Fri Sep 11 2009 06:50 AM
Rain Along North Gulf - While Fred Fizzles in East-Central Atlantic

Update - Tuesday, Sept. 15, 6 PM
Fred's remnants are showing signs of life again in the central Atlantic Ocean. Wind shear has slackened somewhat and convection is consistently re-firing and progressively becoming better organized near the center. The NHC has reinstated track and model guidance on Fred and an upgrade from the current "low" chance of development is likely later this evening. Whether the system redevelops soon or not, it should continue to head generally west to west-northwestward over the course of the coming days.

Elsewhere, two other areas are being watched: a non-tropical area of low pressure on the tail end of a cold front northeast of the Bahamas and a tropical wave located just west of the Cape Verde Islands. Both have been given low chances of development by the NHC and, unlike Fred's remnants, no upgrade of those probabilities seem to be imminent.

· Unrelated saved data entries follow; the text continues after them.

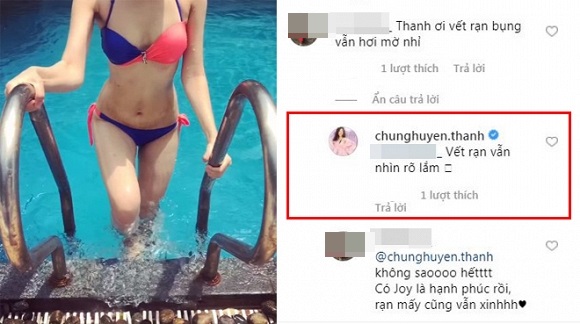 Nhiều người nhanh chóng nhận ra chi tiết này: “Thanh ơi vết rạn bụng vẫn hơi mờ nhỉ.” Chúng Huyền Thanh cũng không ngại chia sẻ: “Vết rạn vẫn nhìn rõ lắm”.
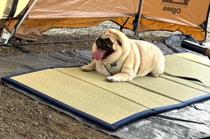 よほど寒い時期はともかく、底冷えのない季節なら十分これだけで眠れそうですし、コットのように高さがないので、ワンコと一緒に寝るのにも最適ですね。
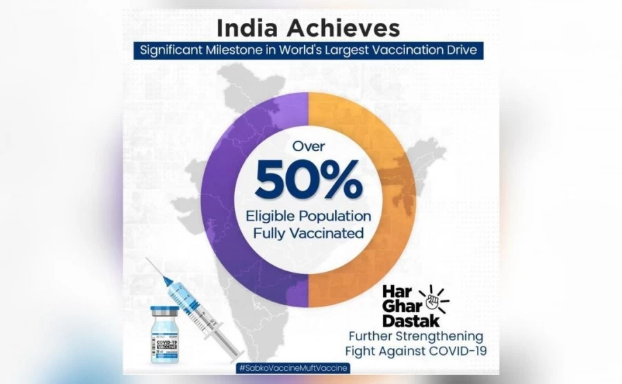 स्वास्थ्य मंत्री ने रविवार को ट्वीट किया, 'यह गर्व का मौका है। 50 प्रतिशत योग्य आबादी का टीकाकरण पूरा हो गया। हम साथ में कोरोना के खिलाफ जंग जीतेंगे।'
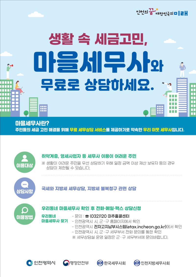 상담은 오는 4월 21일 송도4동 행정복지센터에서 오후 2시부터 5시까지 3시간 동안 진행되며, 마을세무사 최종국·이세웅 세무사가 국세 및 지방세 관련 세금 고민을 무료로 상담해 준다고 밝혔습니다.
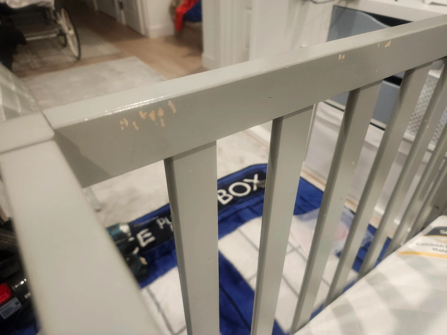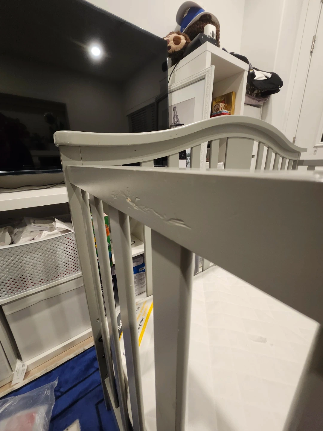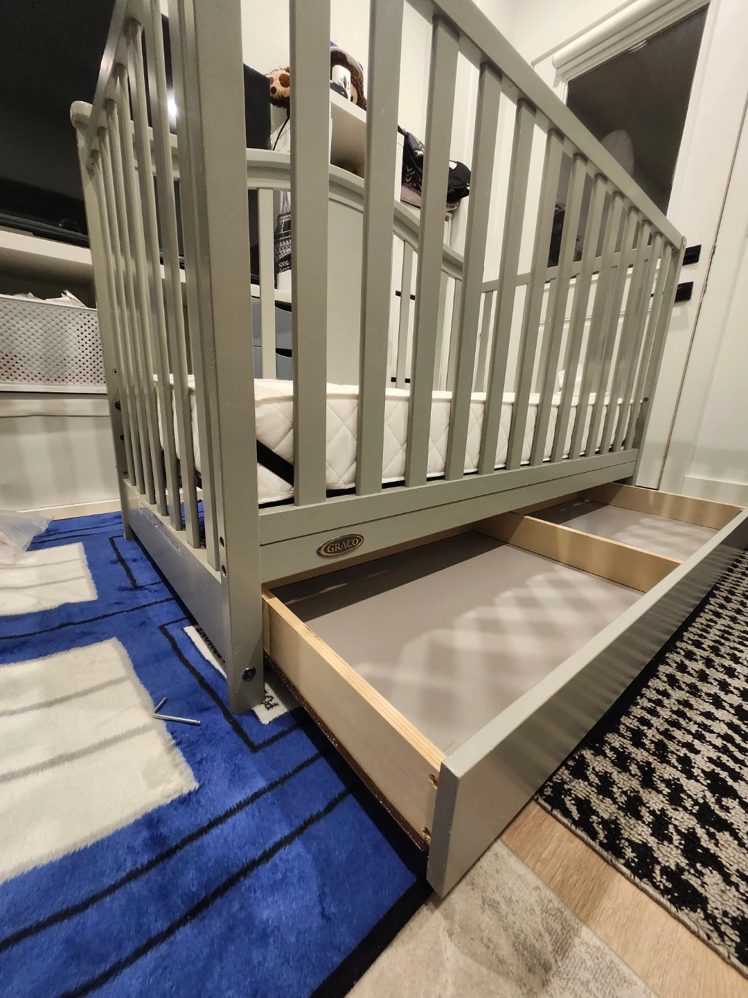 Selling a Graco crib in grey! It has some visible wear and tear, as shown in the pictures. The manufacturing date is 2019 August. It also has a drawer at the bottom for extra storage. The dimensions are in the photo.
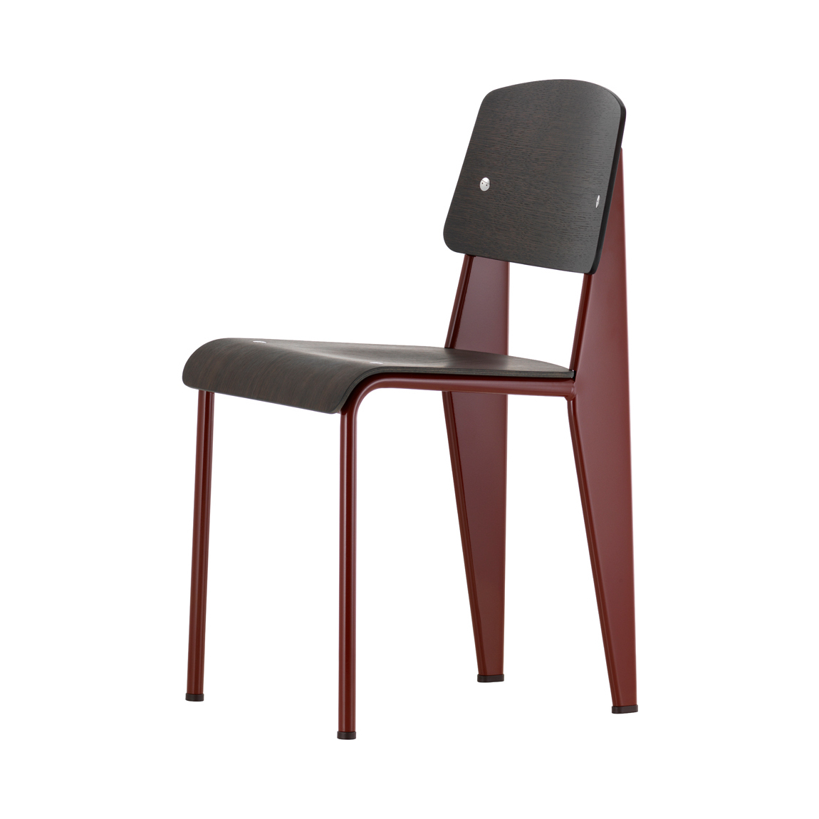 Manufactured by Vitra, this Standard Chair in a Japanese red powder-coated steel and dark oak finish by Jean Prouvé is a French design classic that showcases perfect, minimalist style with its optimum weight distribution and masterful balance. An engineer, architect and designer all at once, Jean Prouvé called himself 'le Constructeur' or 'The Factory man' and was driven by systematic design and industrial processes. Designed in 1934, the Standard Chair reflects his simple insight that seating designs take the most strain on the back legs; solving this weight distribution issue, Prouvé created lightweight tubular powder-coated steel front supports and stronger, more voluminous hollow steel back legs that transfer the sitter's weight into the floor. Finished with an ergonomic dark oak wood seat and backrest, the Standard Chair in rich Japanese red epitomises comfortable, clean-lined design that endures through the years.
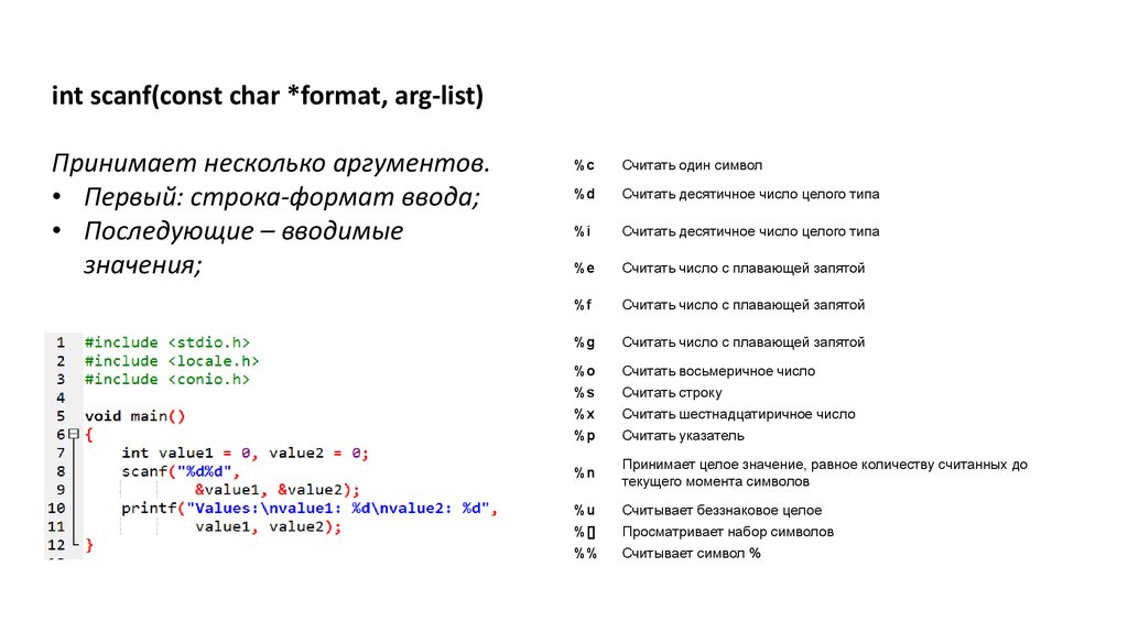 int scanf(const char *format, arg-list)Принимает несколько аргументов.
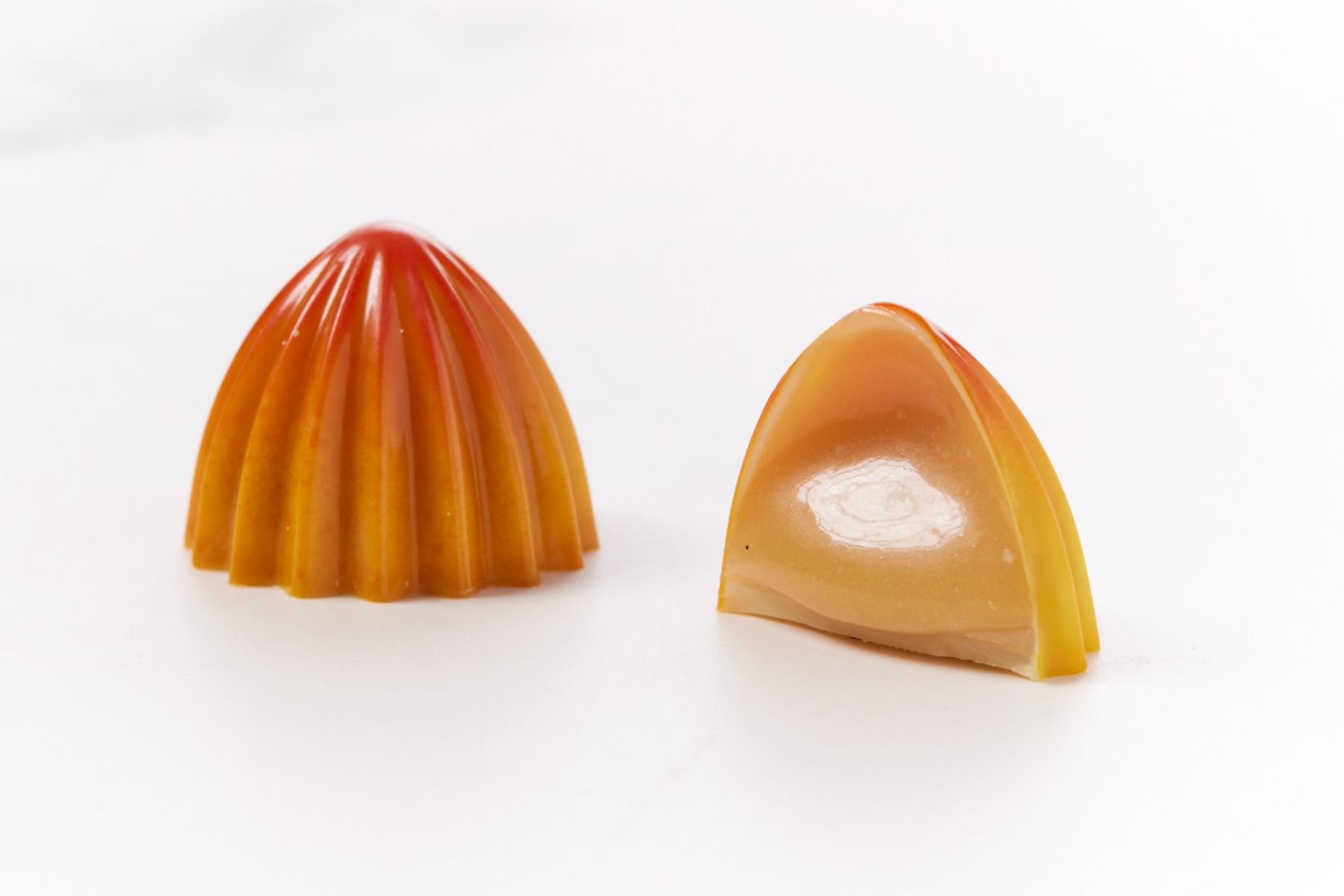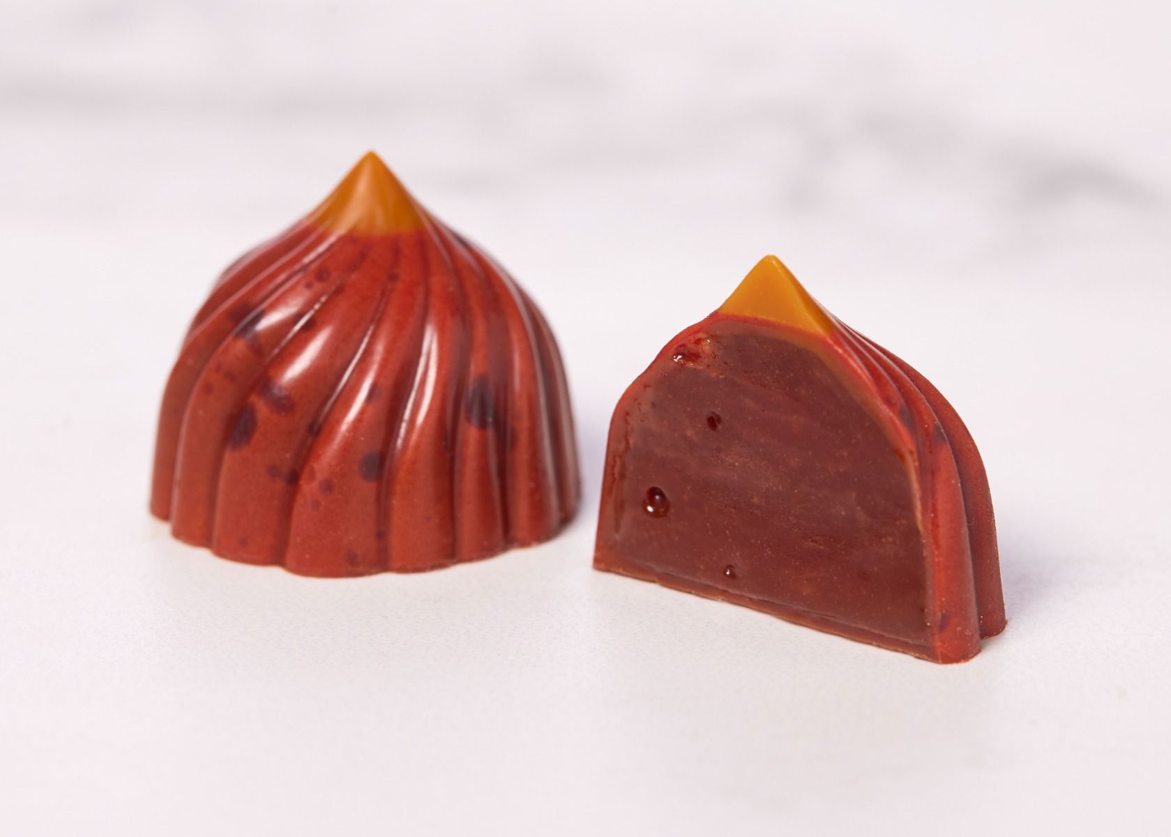 - Appelsinkaramel: Forkæl dig selv med en fyldt chokolade lavet af Esmeralda 42% mælkechokolade, der indeholder en intens og blød appelsinkaramel. Den friske citrusaroma harmonerer perfekt med den cremede chokolade for en lækker og forfriskende smagsoplevelse.

Update - Saturday Sept 12, 7PM
Fred has been downgraded to a stationary remnant low near 18N 34W at 12/21Z with winds of 30 knots - no convection so no Depression - a victim of strong south southwesterly windshear. Eventually whatever is left of Fred should move to the west northwest as the Atlantic ridge rebuilds. Another active wave south of the Cape Verde Islands is slowly organizing.

An upper level trough and a weak stationary front have combined to generate large areas of convection along the northern Gulf coast. Although rain is likely, tropical development chances are rather slim, however extratropical development is likely off the north Florida east coast.

Original Post
Hurricane Fred is holding on, after becoming a major hurricane in the far east Atlantic earlier in the week. It was the furthest east recorded that a major formed. It is expected to encounter the shear that has been a hallmark of this year's season in a few days which should basically take it apart. The remnants will likely drift west, and interestingly most models keep it going due west, very weak, however. Ex-Fred, at that time, may have to be watched.

The area in the western Gulf is not likely to develop, but if it does it would likely be a hybrid storm. It will cause much rain for the area. The system in the northeast will cause a lot of rain and general ugliness along the coast there, but it too is likely not to develop because of the hostile conditions.